The standard reaction buffer for TEV protease is 50 mM Tris–HCl (pH 8.0), 0.5 mM EDTA and 1 mM DTT, but the enzyme has a relatively flat activity profile at pH values between 4 and 9 and will tolerate a range of buffers, including phosphate, MES, and acetate. TEV protease activity is not adversely affected by the addition of glycerol or sorbitol up to at least 40% (w/v). The enzyme is also compatible with some detergents [11]. TEV protease activity is not inhibited by PMSF and AEBSF (1 mM), TLCK (1 mM), Bestatin (1 mg/mL), pepstatin A (1 mM), EDTA (1 mM), E-64 (3 mg/mL), or “complete” protease inhibitor cocktail (Roche).

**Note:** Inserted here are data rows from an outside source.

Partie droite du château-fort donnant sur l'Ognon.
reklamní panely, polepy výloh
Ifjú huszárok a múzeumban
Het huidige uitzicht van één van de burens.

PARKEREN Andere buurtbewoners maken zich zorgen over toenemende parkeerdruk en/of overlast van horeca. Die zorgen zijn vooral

However, zinc will inhibit the activity of the enzyme at concentrations of 5 mM or greater, and reagents that react with cysteine (e.g., iodoacetamide) are potent inhibitors of TEV protease. The duration of the cleavage reaction is typically overnight. A good rule of thumb is to use 1 OD280 of TEV protease per 100 OD280 of fusion protein for an overnight digest. TEV protease is maximally active at 34 °C [12], but we recommend performing the digest at 4 °C.

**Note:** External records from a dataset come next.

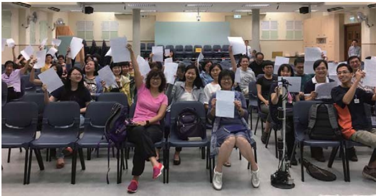
聚會後弟兄姊妹踴躍參與背經

問到各人參與背經的原因，弟兄姊妹異口同聲表示，是要鄭重地領受主的吩咐。有聖徒指出，十誡是神頒佈給以色列人的標準，亦是對我們的命令，理當受到重視。亦有兄姊說，背經的動機不是展示自己的聰明才智，或想要贏取別人的讚許，而是要把記性用在正確的事情——謹記主的教訓。主說：「…就是到天地都廢去了，律法的一點一畫也不能廢去，都要成全。」(太五18)一點一畫都是從神所出的，我們應懷著敬畏、莊重的心，銘記主每句寶貴的教訓。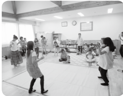
園児と一緒に手遊びやダンスをしてふれあい遊びを楽しみました。 【6月25日 きたがた幼稚園】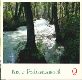
las w Podrzeczach 9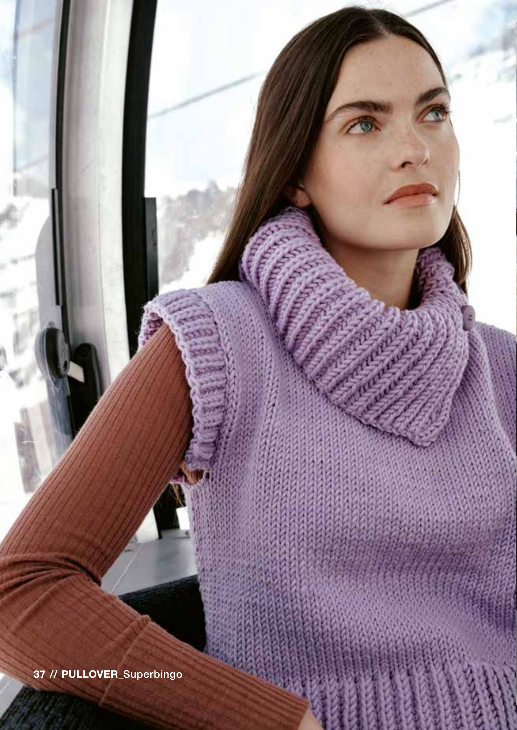
37 // PULLOVER_Superbingo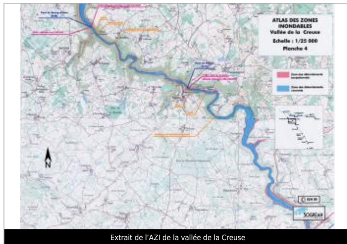
Extrait de l'AZI de la vallée de la Creuse

GÉOLOCALISATION Coordonnées WGS84 : X: 1.86539072 / Y: 46.26865080 Coordonnées RGF93 (Lambert 93) X: 612620.93 / Y: 6574935.59 Coordonnées RGF93 (ETRS89) : X: 1.8653907 / Y: 46.2686508 Code Hydro: L---0070 Rive de référence: Non renseigné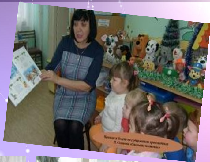
Чтение в группе на тему «Новый год» в МБОУ «Средняя школа №1»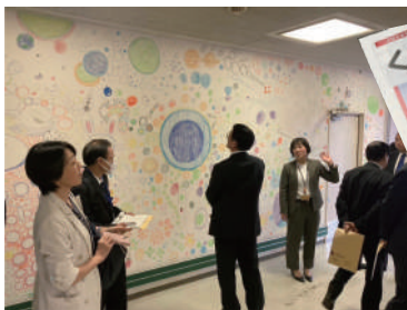
広島県教育委員会発行

不登校支援をはじめ、個別最適な学びの探究プログラムなどを実施し、オンラインと通学の両面から支援するという取り組みをしています。教科学習の指導だけでなく、テーマ学習や自らがイベントを企画・立案し、先生などのサポートだけでなく、民間のノウハウも相乗しながら実現していく事により、達成感だけでなく、心から感謝できる環境の醸成など、幅広く「成長」を促えています。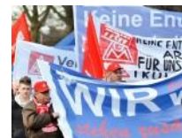
Vaillant Demo Protestzug zieht durch Innenstadt

1. 100 μg of a partially pure fusion protein (MBP-NusG-His6) with a canonical TEV protease recognition site (ENLYFQG) in the linker region [10] is incubated overnight at 4–8 °C in 50 μL of standard reaction buffer (see Subheading 3.3) in the absence or presence of 5.0 μg His7-TEV protease. The reaction products are separated by SDS-PAGE and visualized by staining with Coomassie Brilliant Blue.

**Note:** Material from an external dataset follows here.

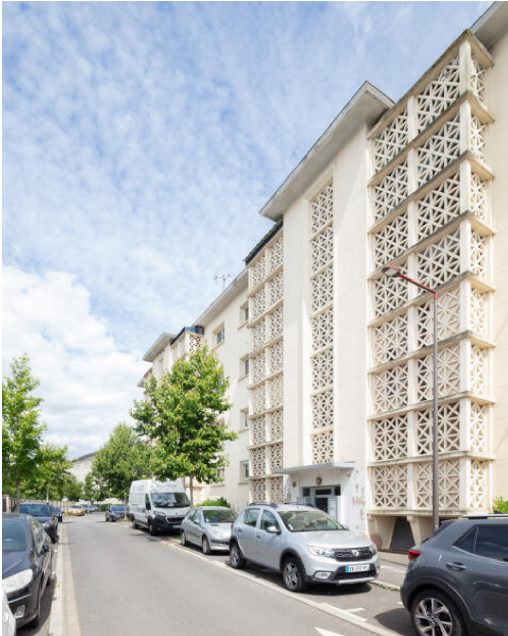
Vue de la façade principale du bâtiment A.

2. 10 μg of pure His7-TEV protease is added to 100 μL of soluble crude extract containing the MBP-NusG-His6 fusion protein and incubated at room temperature for 1 h. The reaction products are separated by SDS-PAGE and visualized by staining with Coomassie Brilliant Blue (see Note 5).

The results of a typical TEV protease digest of a fusion protein substrate (MBP-NusG-His6) are shown in Fig. 3. Panels A and B represent the digestion of a partially purified sample of MBP- NusG-His6 fusion protein and the digestion of the same fusion protein performed in a crude cell lysate, respectively. The MBP-NusG-His6 fusion protein was affinity purified using an IMAC column [7].

Fig. 3.

Digestion of a fusion protein substrate by His7-TEV (L56V, S135G, S219V) protease. (a) 100 μg of the pure substrate, a fusion between E. coli maltose-binding protein (MBP) and Aquifex aeolicus NusG with a canonical TEV protease recognition site (ENLYFQG) in the linker region [10] was incubated overnight at 4 °C in 50 μl of standard reaction buffer (see Subheading 3.3) in the absence (Lane 2) or presence (Lane 3) of 5.0 μg His7-TEV protease. The reaction products were separated by SDS-PAGE (NuPage 4–12% gradient MES gel) and visualized by staining with Coomassie Brilliant Blue. Lane 4 contains an equivalent amount of pure His7-TEV protease. Lane 1 is crude MBP-NusG-His6 (soluble protein) before IMAC purification. (b) Lane 1 is MBP-NusG-His6 soluble protein (crude sample); Lane 2 is TEV protease digest of lane 1 sample, soluble protein and Lane 3 contains an equivalent amount of pure His7-TEV protease used in the cleavage reaction (∼ 0.1 mg/mL). M molecular weight standards (kDa)

3.4. Troubleshooting

Some fusion proteins are intrinsically poor substrates for TEV protease. This may be due to steric occlusion when the protease cleavage site is too close to ordered structure in the passenger protein, or when the fusion protein exists in the form of soluble aggregates. Sometimes this problem can be mitigated by using a large amount of TEV protease (we have occasionally used up to 1 OD280 of TEV protease per 5 OD280 of fusion protein) and/or performing the reaction at higher temperature (e.g., room temperature). Failing that, the addition of extra residues between the TEV protease cleavage site and the N-terminus of the target protein is advised. We have used polyglycine, polyhistidine, and a FLAG-tag epitope with good results.